» **Work instructions**
Repeat the listing below exactly. Pictures do not belong in the copy.

» **Dataset extract**
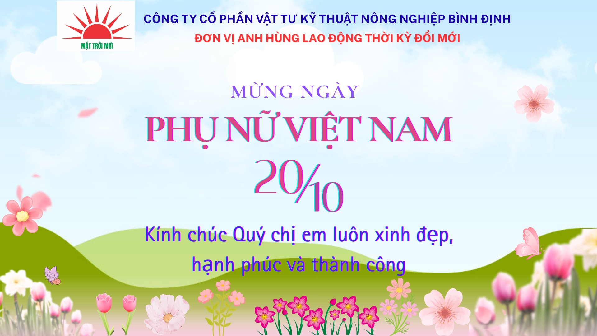 Nhân dịp Ngày Phụ nữ Việt Nam 20/10, Công ty Cổ phần Vật tư Kỹ thuật Nông nghiệp Bình Định – Đơn vị Anh hùng Lao động thời kỳ đổi mới, xin trân trọng gửi đến toàn thể Quý chị em phụ nữ lời chúc sức khỏe, hạnh phúc và thành công.
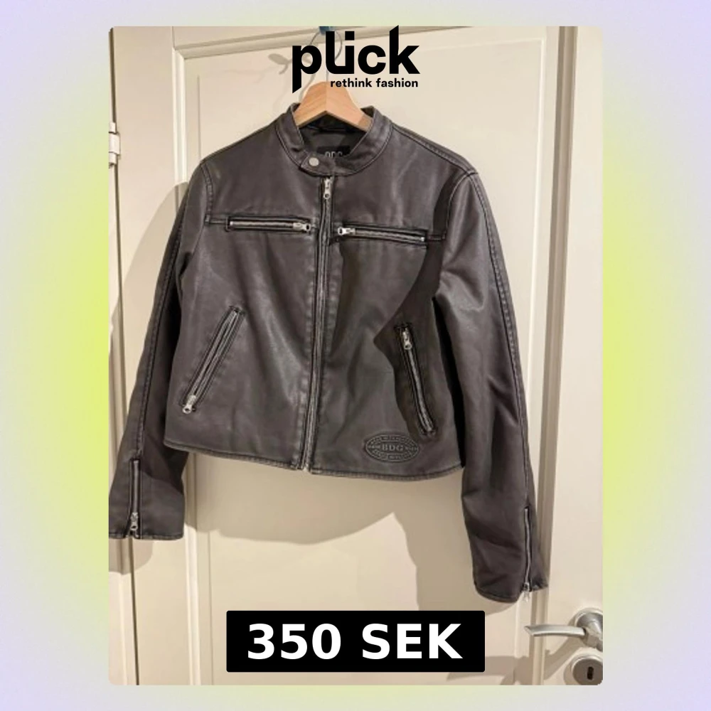 Dragkedjor framtill och på ärmarna. Jackan har en kortare, boxig passform och ståkrage med tryckknapp. Snygga detaljer och BDG-logga på framsidan. Knappt använd. Ej äkta läder!
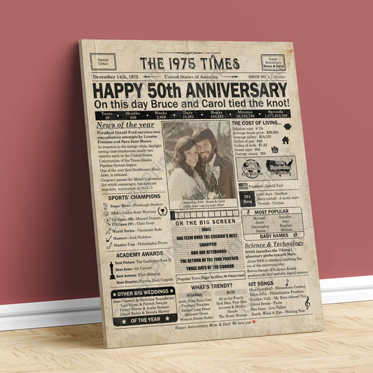 Personalized 50th Anniversary Gift: A Printable US Newspaper Poster of 1975

» **Response below**
 Nhân dịp Ngày Phụ nữ Việt Nam 20/10, Công ty Cổ phần Vật tư Kỹ thuật Nông nghiệp Bình Định – Đơn vị Anh hùng Lao động thời kỳ đổi mới, xin trân trọng gửi đến toàn thể Quý chị em phụ nữ lời chúc sức khỏe, hạnh phúc và thành công.
 Dragkedjor framtill och på ärmarna. Jackan har en kortare, boxig passform och ståkrage med tryckknapp. Snygga detaljer och BDG-logga på framsidan. Knappt använd. Ej äkta läder!
 Personalized 50th Anniversary Gift: A Printable US Newspaper Poster of 1975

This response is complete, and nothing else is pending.